WHAT NEEDS TO BE DONE.
With pictures removed, print the listing exactly.

DATASET SECTION.
□ □ □

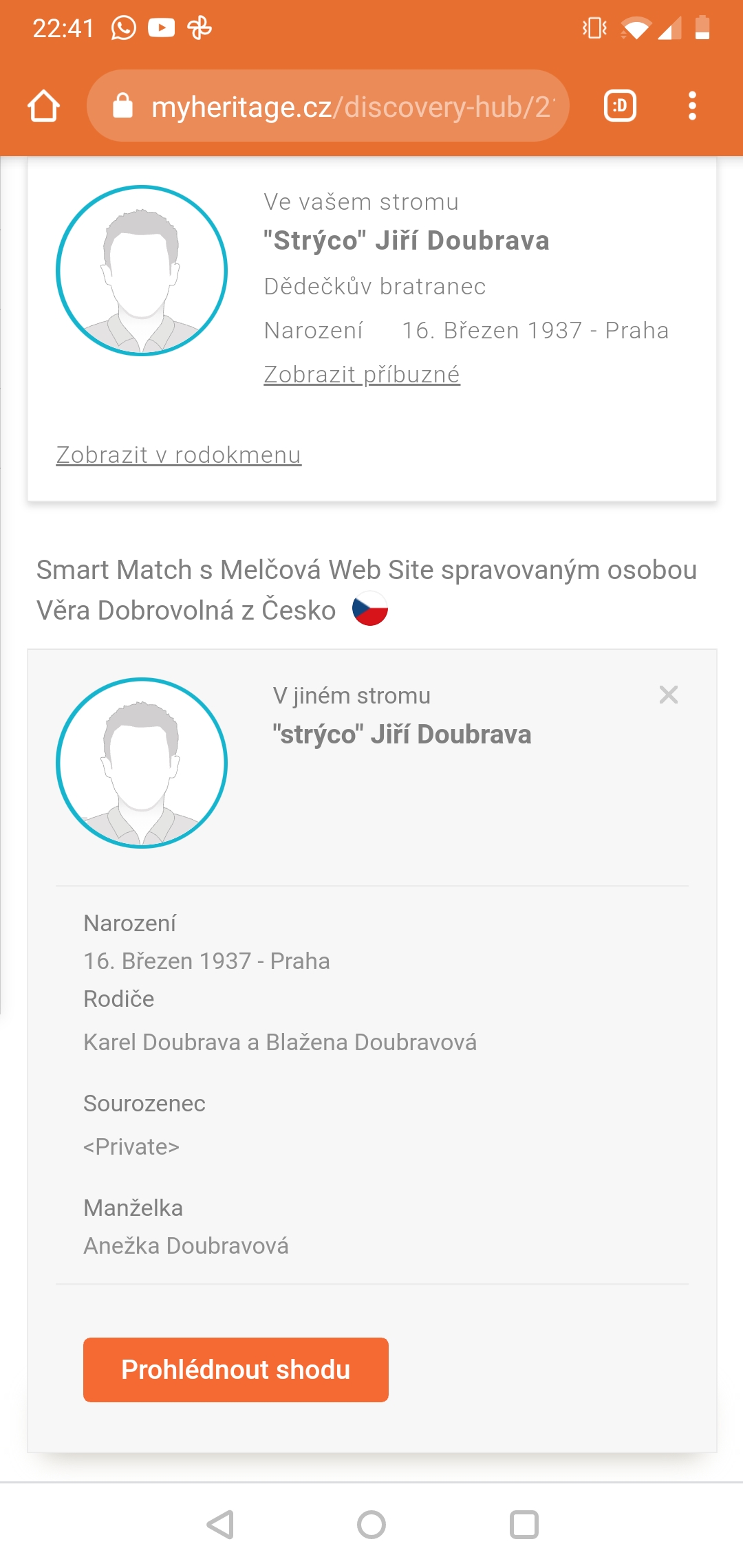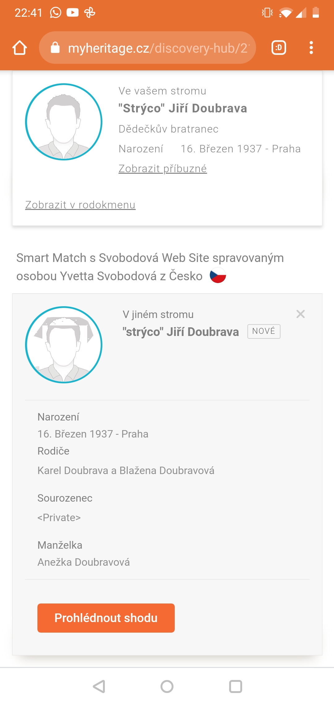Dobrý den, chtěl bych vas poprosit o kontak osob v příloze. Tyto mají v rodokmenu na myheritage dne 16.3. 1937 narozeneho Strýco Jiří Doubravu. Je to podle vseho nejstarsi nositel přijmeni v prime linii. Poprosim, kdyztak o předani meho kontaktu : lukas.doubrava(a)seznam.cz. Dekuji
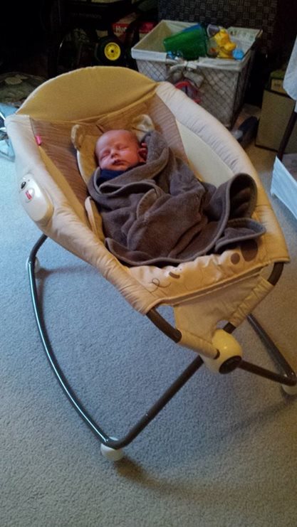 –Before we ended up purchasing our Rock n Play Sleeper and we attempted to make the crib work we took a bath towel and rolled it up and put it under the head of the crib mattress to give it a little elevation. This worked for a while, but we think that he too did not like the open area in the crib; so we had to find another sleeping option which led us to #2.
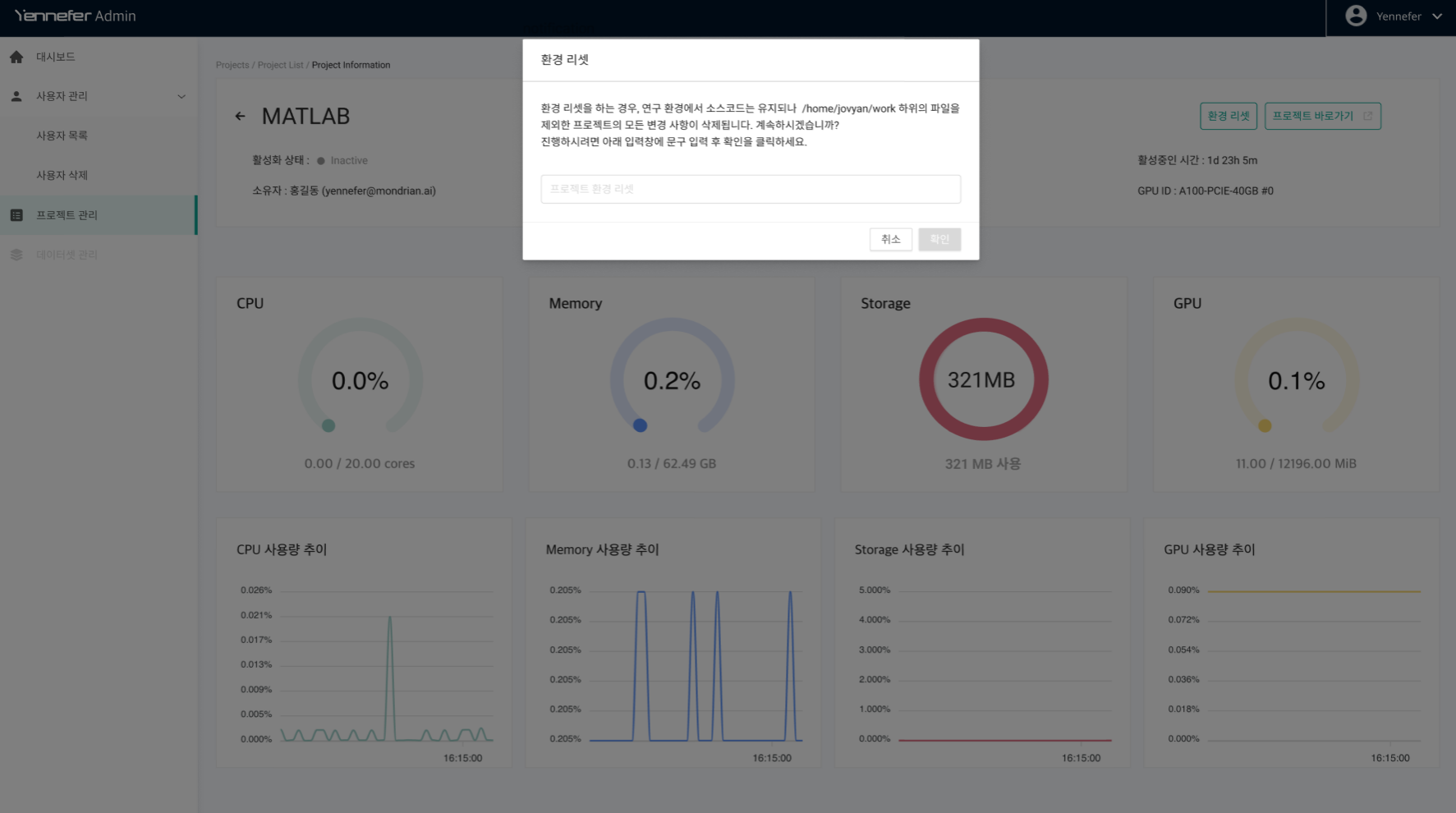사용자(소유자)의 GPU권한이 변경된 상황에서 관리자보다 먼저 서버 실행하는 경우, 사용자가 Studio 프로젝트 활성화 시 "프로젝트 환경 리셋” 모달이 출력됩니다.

□ □ □

TASK RESULT.
Dobrý den, chtěl bych vas poprosit o kontak osob v příloze. Tyto mají v rodokmenu na myheritage dne 16.3. 1937 narozeneho Strýco Jiří Doubravu. Je to podle vseho nejstarsi nositel přijmeni v prime linii. Poprosim, kdyztak o předani meho kontaktu : lukas.doubrava(a)seznam.cz. Dekuji
 –Before we ended up purchasing our Rock n Play Sleeper and we attempted to make the crib work we took a bath towel and rolled it up and put it under the head of the crib mattress to give it a little elevation. This worked for a while, but we think that he too did not like the open area in the crib; so we had to find another sleeping option which led us to #2.
사용자(소유자)의 GPU권한이 변경된 상황에서 관리자보다 먼저 서버 실행하는 경우, 사용자가 Studio 프로젝트 활성화 시 "프로젝트 환경 리셋” 모달이 출력됩니다.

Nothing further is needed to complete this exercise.